Last edited 04 Sep 2020

Trench fill foundation


Trench fill foundations are a type of shallow foundation that avoids bricklaying below ground by instead almost completely filling the trench excavation with concrete. Typically, concrete is poured to within 150 mm of the surface ground level. This type of foundation minimises the excavation required, as bricklayers are not required to access the trench to lay bricks or blocks. It can also help to reduce the width of the foundation where below ground brickwork would require a wider footing.


Trench fill is often used when soil is loose or in areas with a high water table, although in loose ground it can be difficult to predict the quantity of concrete required, and the quantity can be quite high if trenches meet or cross at right angles.

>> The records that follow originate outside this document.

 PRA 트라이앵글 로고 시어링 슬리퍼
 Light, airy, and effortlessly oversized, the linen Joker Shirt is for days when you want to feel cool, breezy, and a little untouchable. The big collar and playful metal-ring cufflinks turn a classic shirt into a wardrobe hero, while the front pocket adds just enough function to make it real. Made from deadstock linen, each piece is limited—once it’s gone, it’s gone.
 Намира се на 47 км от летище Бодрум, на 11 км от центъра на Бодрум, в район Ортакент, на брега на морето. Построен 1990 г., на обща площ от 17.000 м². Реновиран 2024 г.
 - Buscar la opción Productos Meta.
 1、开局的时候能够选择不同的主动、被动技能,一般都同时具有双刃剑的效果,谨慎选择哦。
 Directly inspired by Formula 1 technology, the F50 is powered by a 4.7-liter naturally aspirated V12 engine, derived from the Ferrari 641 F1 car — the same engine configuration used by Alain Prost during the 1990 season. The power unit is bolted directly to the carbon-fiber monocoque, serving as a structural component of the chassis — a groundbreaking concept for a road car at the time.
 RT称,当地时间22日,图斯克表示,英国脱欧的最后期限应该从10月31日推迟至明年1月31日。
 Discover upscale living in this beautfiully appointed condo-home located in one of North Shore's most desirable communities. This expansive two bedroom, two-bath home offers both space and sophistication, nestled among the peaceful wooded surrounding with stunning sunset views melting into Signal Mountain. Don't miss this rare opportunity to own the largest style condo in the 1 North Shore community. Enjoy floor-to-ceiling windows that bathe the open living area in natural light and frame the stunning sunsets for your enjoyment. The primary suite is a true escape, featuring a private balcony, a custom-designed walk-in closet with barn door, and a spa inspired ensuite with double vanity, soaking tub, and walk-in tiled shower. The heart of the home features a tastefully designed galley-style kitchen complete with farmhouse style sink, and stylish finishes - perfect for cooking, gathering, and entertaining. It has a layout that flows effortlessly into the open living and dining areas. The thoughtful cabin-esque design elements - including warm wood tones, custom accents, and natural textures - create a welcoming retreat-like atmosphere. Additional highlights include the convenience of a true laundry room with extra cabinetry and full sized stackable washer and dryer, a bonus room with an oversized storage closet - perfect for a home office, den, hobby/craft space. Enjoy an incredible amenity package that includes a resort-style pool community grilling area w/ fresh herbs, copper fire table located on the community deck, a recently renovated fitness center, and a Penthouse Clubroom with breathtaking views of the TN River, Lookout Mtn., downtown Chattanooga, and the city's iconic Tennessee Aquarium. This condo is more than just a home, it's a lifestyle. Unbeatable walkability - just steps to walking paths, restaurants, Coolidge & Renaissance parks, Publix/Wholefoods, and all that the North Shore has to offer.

By getting ‘out of the ground’ relatively quickly, trench fill foundations can save on labour, time and temporary works.

Trench fill foundations can be taken deeper in areas with heavy clay or in the presence of trees, to a level where the subsoil moisture content is unaffected. In these situations, mesh reinforcement is often required. In addition, one or both trench faces may need to be lined with a compressible batt. This can also mitigate against the tendency in some situations for the trench strips to pick up longitudinal or lateral ground strains which may occur in the strata immediately around the foundation.

Another issue to consider is that the height of the concrete can create access problems for drainage and other services, as well as issues with landscaping and planting.

A variation on the trench fill foundation is the Rubble trench foundation.